Mass exodus of expertise / MON 4-4-11 / Gaelic spirit whose wailing portends death / Trophy for great college gridder / Scented bag in drawer

Monday, April 4, 2011

Constructor: Lynn Lempel

Relative difficulty: Medium


THEME: Body rhymes — rhyming two-word phrases where first word is a part of the body

Word of the Day: BANSHEE (25D: Gaelic spirit whose wailing portends death) —

The Banshee, from the Irish bean sídhe [bʲæn ˈʃiː] ("woman of the síde" or "woman of the fairy mounds"), is a feminine spirit in Irish mythology, usually seen as an omen of death and a messenger from the Otherworld. (wikipedia)
• • •

Simple, sprightly theme with really exceptional fill (for a Monday). Big corners, with lots of interesting words, and still Monday-easy. Still don't have this speed-solving-on-paper thing down yet, but I was definitely better than last week. Speed bumps for included EARLIER for EARLY ON (2D: Toward the beginning) and a complete inability to come up with SOUR (15A: Like unripe apples). S- ... SO- ... SOFT? Unh! (it's SOUR). Crosses sorted things out (and amazing crosses they are up there—CONFABS (11D: Chatty discussions) /CUTICLE/TRINKET form a fantastic trifecta). Stupidly wrote a "D" at the end of "NER-" before I looked at the clue (18D: Tyrannical Roman emperor=>NERO). I wonder if the pattern in which you solve makes a difference in terms of speed. I went mostly clockwise from NW back around to SW, and that last part had me approaching lots of Acrosses backwards, from the back end, which doesn't feel like the optimal way to pick up a word. Eh, maybe it doesn't matter.

Theme answers:
  • 17A: Mass exodus of expertise (BRAIN DRAIN)
  • 25A: Hiker's carryall (BACKPACK)
  • 37A: Upside-down maneuver (HANDSTAND)
  • 53A: Salon work (HAIR CARE)
  • 63A: Recommended by cardiologists (HEART SMART)
Wife got thrown (though not badly) by two theme elements. First, she thought the first and second words of theme answers would all be spelled (in the rhyming parts) the same, and so had some trouble coming up with HAIR CARE. Also, she asked "why do some start with Hs and some start with Bs?" Sure enough, first two theme answers start B, last three start H. I hadn't noticed. So ... why? Total coincidence, I imagine.

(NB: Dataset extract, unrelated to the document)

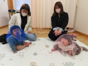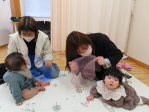その後、顔や体に布をかけて遊びました。お母さんたちが歌に合わせていないいないばぁで顔を出すとにこっと笑う様子がとっても可愛かったです。

As I said, really liked much of the fill here, incl. the whole NE corner, BANSHEE, VERVE, and LONG RUN (46D: Period extending well into the future). Frustratingly, I got held up on the very last answer I entered—the second [Language of Kenya] clue I encountered, this one the Abbrev. Me: "There's aNOTHer language of Kenya that I should know? Dear lord, what could it ... E- ... oh. Right. OK. Of course. ENGlish." Done.

Bullets:
  • 8D: Argentina-based musical ("EVITA") — not sure why the phrasing on the clue seems weird to me. Maybe because its structure seems analogous to that of "plant-based lifeform." A musical whose very substance is Argentina.
  • 42D: Trophy for a great college gridder (HEISMAN) — Ha ha. "Gridder." So crosswordy. Reminds me of this joke: a gridder, a cager, and a netman walk into a bar ...
  • 49D: Scented bag in a dresser drawer (SACHET) — which rhymes with CACHET, which I always confuse (spelling-wise) with CACHE.
Signed, Rex Parker, King of CrossWorld

[Follow Rex Parker on Twitter]

62 comments:

Tobias Duncan 12:14 AM  

This one went so fast I did not even look at the theme.went with HAIRCUTS for haircare, that gave me tEESE for REESE(never heard of Reese so no help there and BANSHEs for BANSHEE (almost a word) and SuCHET (Trebek)
Took a moment to get that sorted.
Fantastic puzzle by my "low crosswordese on Mondays" ideal.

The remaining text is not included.